Sementara itu, membaca buku [muthalaah] tanpa bimbingan guru, dengan mengandalkan pemahaman sendiri, tidaklah banyak manfaatnya. Hal ini karena penuntut ilmu akan menemui banyak masalah yang tidak dapat ia pecahkan sendiri. Masalah-masalah tersebut dapat berupa masalah pemahaman, masalah penerapan, atau masalah lain yang terkait dengan ilmu agama. Seorang guru yang memiliki pengetahuan luas akan dapat membantu penuntut ilmu dalam memecahkan masalah-masalah tersebut.


Demikian juga Ibnu Khaldun dalam al-Muqaddimah, halaman 348 menyatakan bahwa pertemuan langsung dengan guru adalah suatu hal yang penting dalam proses pengajaran. (ilmu) yang diperoleh melalui cara kedua, yaitu pertemuan langsung dengan guru, lebih melekat dan menancap. Hal ini dikarenakan pertemuan langsung dengan guru memungkinkan terjadinya interaksi yang lebih intensif antara guru dan murid yang dapat membantu murid memahami pengetahuan dengan baik dan benar. 

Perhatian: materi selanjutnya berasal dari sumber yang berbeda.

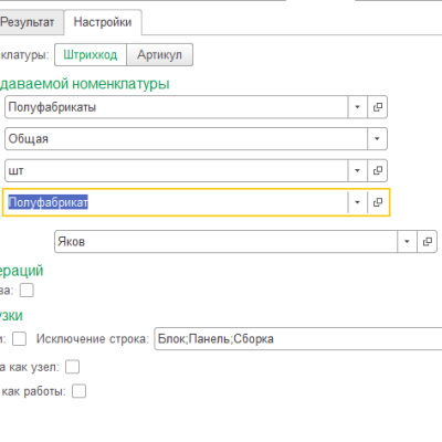 В «Настройках» указывается папка, где будут создаваться полуфабрикаты (при необходимости), например «Панель 714х376», необходимость использования ставки НДС, единицу измерения которая будет установлена деталям (шт.), категорию УНФ, указать каким образом сопоставлять материалы (штрихкод/артикул/вручную/дополнительный реквизит).

ولقاء المشيخة مزيد كمال في التعليم والسبب في ذلك أن البشر يأخذون معارفهم وأخلاقهم وما ينتحلونه به من المذاهب والفضائل: تارة علماً وتعليماً وإلقاءً، وتارة محاكاة وتلقيناً بالمباشرة. إلا أن حصول الملكات عن المباشرة والتلقين أشد استحكاماً وأقوى رسوخاً


Artinya; "Pertemuan dengan ulama [guru] merupakan penyempurnaan dalam pendidikan. Hal ini karena manusia memperoleh pengetahuan, akhlak, dan ajaran serta keutamaan yang mereka yakini: terkadang dengan belajar, mengajar, dan menyampaikan, dan terkadang dengan meniru dan menerima secara langsung. Namun, perolehan sifat-sifat melalui pengalaman langsung dan pengajaran lebih kokoh dan lebih kuat."